(ABOUT THIS EXERCISE)
Apart from the pictures, every line below is to be set down exactly.

(DATA SHOWN)

========================

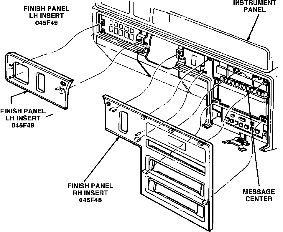 3. Pull finish panel right hand insert from instrument panel and disengage upper tabs of insert from instrument panel.
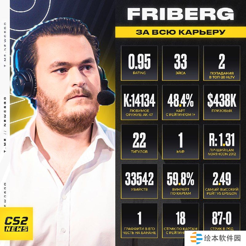 下面就让我们一起来回顾friberg在选手生涯的成绩和数据表现吧。以下数据统计自HLTV,筛选条件为friberg职业生涯的所有比赛:
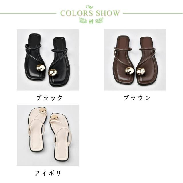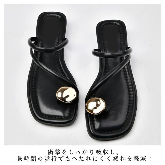 送料無料 トングサンダル リングサンダル サムサンダル レディース ビーチサンダル フラットサンダル つっかけ かかとなし ぺたんこ ローヒール すべりにくい 痛くない スクエアトゥ ゴールド 金具 親指トング きれいめ
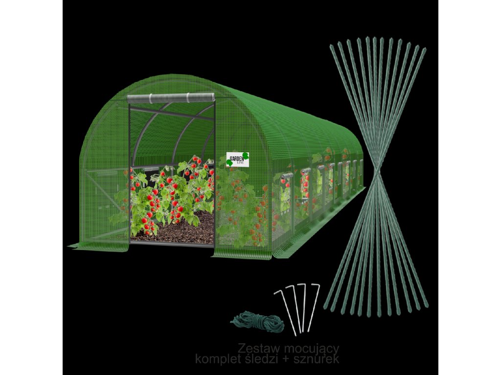 - Folii: Folii din polietilenă verde cu plasă PP sudată (întărește construcția și protejează împotriva rupturii)

========================

(RESULT OF THIS EXERCISE)
 3. Pull finish panel right hand insert from instrument panel and disengage upper tabs of insert from instrument panel.
 下面就让我们一起来回顾friberg在选手生涯的成绩和数据表现吧。以下数据统计自HLTV,筛选条件为friberg职业生涯的所有比赛:
 送料無料 トングサンダル リングサンダル サムサンダル レディース ビーチサンダル フラットサンダル つっかけ かかとなし ぺたんこ ローヒール すべりにくい 痛くない スクエアトゥ ゴールド 金具 親指トング きれいめ
 - Folii: Folii din polietilenă verde cu plasă PP sudată (întărește construcția și protejează împotriva rupturii)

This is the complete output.